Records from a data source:
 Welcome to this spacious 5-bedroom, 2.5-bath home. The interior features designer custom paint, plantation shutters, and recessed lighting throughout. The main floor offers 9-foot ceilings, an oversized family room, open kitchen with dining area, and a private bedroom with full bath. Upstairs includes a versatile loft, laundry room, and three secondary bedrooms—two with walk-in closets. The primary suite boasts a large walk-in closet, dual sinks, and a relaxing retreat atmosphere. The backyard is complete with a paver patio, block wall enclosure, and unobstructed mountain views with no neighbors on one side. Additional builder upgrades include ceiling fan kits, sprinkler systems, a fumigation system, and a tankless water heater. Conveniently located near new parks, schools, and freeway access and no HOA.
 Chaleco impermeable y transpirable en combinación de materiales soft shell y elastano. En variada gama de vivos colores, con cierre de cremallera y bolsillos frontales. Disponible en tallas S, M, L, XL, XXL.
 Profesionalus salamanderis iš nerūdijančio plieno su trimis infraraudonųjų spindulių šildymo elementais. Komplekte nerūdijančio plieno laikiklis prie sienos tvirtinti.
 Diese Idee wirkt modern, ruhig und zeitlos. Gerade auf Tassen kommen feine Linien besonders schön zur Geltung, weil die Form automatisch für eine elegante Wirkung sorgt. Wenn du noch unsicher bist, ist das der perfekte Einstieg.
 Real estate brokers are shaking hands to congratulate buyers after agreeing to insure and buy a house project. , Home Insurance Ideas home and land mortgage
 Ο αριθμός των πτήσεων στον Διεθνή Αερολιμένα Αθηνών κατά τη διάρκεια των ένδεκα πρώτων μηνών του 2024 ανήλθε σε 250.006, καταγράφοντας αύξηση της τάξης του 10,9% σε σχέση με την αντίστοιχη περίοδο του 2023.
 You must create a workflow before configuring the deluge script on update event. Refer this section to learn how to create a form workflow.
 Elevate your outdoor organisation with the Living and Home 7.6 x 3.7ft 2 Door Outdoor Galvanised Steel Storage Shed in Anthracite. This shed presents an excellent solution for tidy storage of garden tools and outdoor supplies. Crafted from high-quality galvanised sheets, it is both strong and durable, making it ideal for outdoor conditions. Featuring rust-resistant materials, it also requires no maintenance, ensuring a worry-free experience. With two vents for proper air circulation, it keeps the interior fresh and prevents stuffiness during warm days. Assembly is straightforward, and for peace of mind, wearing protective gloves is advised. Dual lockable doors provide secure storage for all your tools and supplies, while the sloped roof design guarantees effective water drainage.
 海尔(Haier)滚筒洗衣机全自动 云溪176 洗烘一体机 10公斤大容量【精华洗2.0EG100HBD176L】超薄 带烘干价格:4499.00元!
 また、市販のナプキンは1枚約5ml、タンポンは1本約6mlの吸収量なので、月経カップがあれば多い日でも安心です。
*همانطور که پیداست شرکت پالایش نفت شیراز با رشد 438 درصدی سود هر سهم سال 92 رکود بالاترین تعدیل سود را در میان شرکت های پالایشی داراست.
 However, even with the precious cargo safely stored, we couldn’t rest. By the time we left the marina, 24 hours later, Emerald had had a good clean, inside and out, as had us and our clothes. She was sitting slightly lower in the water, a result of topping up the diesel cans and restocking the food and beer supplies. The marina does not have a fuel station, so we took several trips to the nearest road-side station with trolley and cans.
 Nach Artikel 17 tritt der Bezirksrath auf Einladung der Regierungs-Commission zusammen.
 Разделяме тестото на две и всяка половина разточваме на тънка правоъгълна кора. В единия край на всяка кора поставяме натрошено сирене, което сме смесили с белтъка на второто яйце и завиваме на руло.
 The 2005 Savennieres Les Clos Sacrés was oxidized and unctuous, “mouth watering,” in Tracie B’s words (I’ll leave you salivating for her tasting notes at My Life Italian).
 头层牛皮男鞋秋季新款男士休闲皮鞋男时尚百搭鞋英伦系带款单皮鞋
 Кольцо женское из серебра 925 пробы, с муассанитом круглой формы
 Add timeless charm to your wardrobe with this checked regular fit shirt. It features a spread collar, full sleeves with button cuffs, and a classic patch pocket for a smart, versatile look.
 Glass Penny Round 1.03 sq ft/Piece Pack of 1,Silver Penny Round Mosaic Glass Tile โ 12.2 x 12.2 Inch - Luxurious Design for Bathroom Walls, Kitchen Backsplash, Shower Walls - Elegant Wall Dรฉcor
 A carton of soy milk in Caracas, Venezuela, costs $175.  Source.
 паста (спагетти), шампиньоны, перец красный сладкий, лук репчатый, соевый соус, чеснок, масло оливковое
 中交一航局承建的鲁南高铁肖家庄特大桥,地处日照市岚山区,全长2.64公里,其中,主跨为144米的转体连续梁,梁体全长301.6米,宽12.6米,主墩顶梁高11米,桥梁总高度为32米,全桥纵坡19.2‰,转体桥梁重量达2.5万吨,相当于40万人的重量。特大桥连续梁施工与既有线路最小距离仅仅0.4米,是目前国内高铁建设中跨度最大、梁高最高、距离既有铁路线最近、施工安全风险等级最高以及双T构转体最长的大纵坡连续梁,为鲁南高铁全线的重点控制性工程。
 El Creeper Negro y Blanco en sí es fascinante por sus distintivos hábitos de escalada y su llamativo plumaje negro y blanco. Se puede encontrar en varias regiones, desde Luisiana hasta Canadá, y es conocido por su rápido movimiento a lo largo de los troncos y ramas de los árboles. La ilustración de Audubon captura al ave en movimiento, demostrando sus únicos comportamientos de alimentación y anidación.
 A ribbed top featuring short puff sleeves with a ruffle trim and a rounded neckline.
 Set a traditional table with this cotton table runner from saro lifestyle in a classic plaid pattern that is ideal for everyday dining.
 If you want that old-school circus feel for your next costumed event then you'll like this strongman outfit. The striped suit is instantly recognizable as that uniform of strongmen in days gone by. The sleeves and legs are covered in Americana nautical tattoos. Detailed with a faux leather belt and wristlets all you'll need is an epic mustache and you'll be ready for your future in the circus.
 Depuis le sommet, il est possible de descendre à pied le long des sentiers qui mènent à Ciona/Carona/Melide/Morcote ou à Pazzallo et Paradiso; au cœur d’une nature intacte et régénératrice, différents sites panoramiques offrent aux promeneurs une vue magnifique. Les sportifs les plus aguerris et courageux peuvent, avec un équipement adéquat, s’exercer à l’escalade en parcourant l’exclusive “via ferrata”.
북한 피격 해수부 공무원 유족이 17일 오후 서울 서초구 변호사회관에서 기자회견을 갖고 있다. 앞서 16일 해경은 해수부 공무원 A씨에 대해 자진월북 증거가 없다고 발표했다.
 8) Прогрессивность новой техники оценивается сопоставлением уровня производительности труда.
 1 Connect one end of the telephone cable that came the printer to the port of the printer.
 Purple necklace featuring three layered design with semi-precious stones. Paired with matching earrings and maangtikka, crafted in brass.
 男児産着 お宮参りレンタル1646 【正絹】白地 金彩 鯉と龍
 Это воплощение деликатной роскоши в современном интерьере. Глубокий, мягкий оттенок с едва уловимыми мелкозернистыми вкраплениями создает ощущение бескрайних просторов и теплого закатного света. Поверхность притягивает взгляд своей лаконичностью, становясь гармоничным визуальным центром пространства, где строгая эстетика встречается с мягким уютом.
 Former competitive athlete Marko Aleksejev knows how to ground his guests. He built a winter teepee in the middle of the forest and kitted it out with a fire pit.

- [Task instructions]
Working from the data above, extract solely the lines from the one containing "头层牛皮男鞋秋季新款男士休闲皮鞋男时尚百搭鞋英伦系带款单皮鞋" through the one containing "паста (спагетти), шампиньоны, перец", exactly as they appear, both included.

- [Exercise output]
 头层牛皮男鞋秋季新款男士休闲皮鞋男时尚百搭鞋英伦系带款单皮鞋
 Кольцо женское из серебра 925 пробы, с муассанитом круглой формы
 Add timeless charm to your wardrobe with this checked regular fit shirt. It features a spread collar, full sleeves with button cuffs, and a classic patch pocket for a smart, versatile look.
 Glass Penny Round 1.03 sq ft/Piece Pack of 1,Silver Penny Round Mosaic Glass Tile โ 12.2 x 12.2 Inch - Luxurious Design for Bathroom Walls, Kitchen Backsplash, Shower Walls - Elegant Wall Dรฉcor
 A carton of soy milk in Caracas, Venezuela, costs $175.  Source.
 паста (спагетти), шампиньоны, перец красный сладкий, лук репчатый, соевый соус, чеснок, масло оливковое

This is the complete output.